• pshinnok

Would you like to stop worrying about gas prices?

Updated: Oct 21

Gas prices are back in the news and things don’t look good, just when they were getting back to normal. In a few days or weeks we’ll once again be outraged, even though gas doesn’t make up a huge share of our spending and virtually everything we buy has increased in price more than gas. Some of the anxiety over fuel prices comes from seeing the rising price at every intersection. But a lot of it comes from the powerlessness we feel.

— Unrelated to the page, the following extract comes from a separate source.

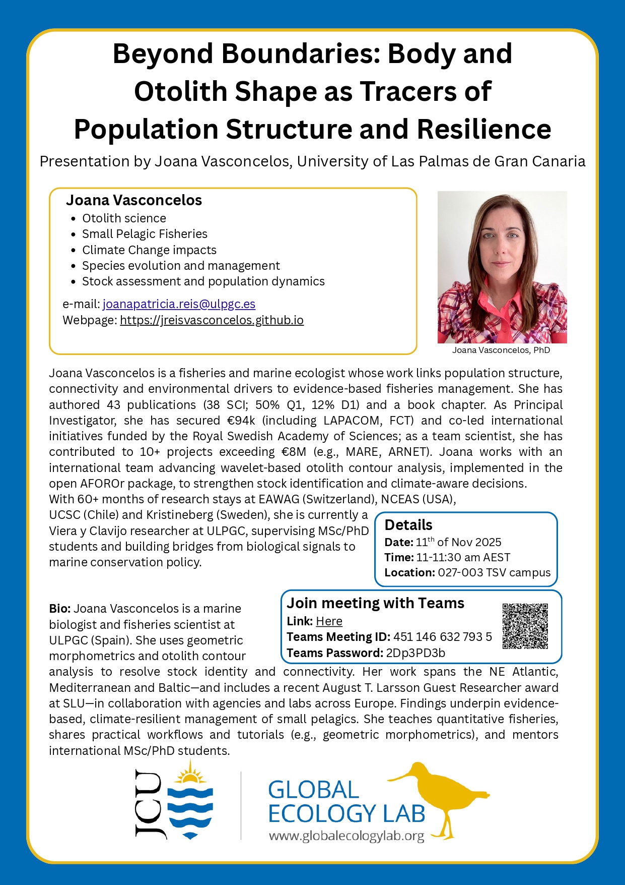 On 11 November 2025 I was invited by Dr. José Sanabria and the Global Ecology Lab at James Cook University (JCU, Townsville, Australia) to give the seminar “Beyond Boundaries: Body and Otolith Shape as Tracers of Population Structure and Resilience”. The talk explored how body shape and otolith contours can be used as natural tracers of population structure, connectivity and resilience in marine fishes, supporting climate-resilient, evidence-based fisheries management. This seminar formed part of my one-week scientific stay at JCU, strengthening ongoing collaborations on otolith-based approaches to stock identification and global change ecology.

We’ve become addicted to driving, and our federal, state and local governments enabled us. America in general, and Oklahoma in particular, spends too much on convenience and capacity for cars and too little on other modes of transportation that are cheaper, safer, and healthier. We’ve also encouraged urban sprawl, enticing us to live further and further from where we work, go to school, or shop. Sometimes it feels as if our second home is our car.


What if we changed all that? The benefits of driving less would be felt in the wallet, the doctor’s office, and our quality of life. We wouldn’t just save money on gas. Less driving means fewer accidents, which means lower insurance costs. We’d also save on tires and maintenance and our cars would last longer. Less driving would improve our health, reduce air pollution in our neighborhoods, and reduce greenhouse gasses worldwide. More than a quarter of US greenhouse gasses comes from transportation and more than half of that is from personal vehicles. We'd also save time. the one thing we know we don't have enough of. A ten-minute increase in commute time cuts your social connections by 10 percent. It will take both individual action and collaboration to get started on recovery.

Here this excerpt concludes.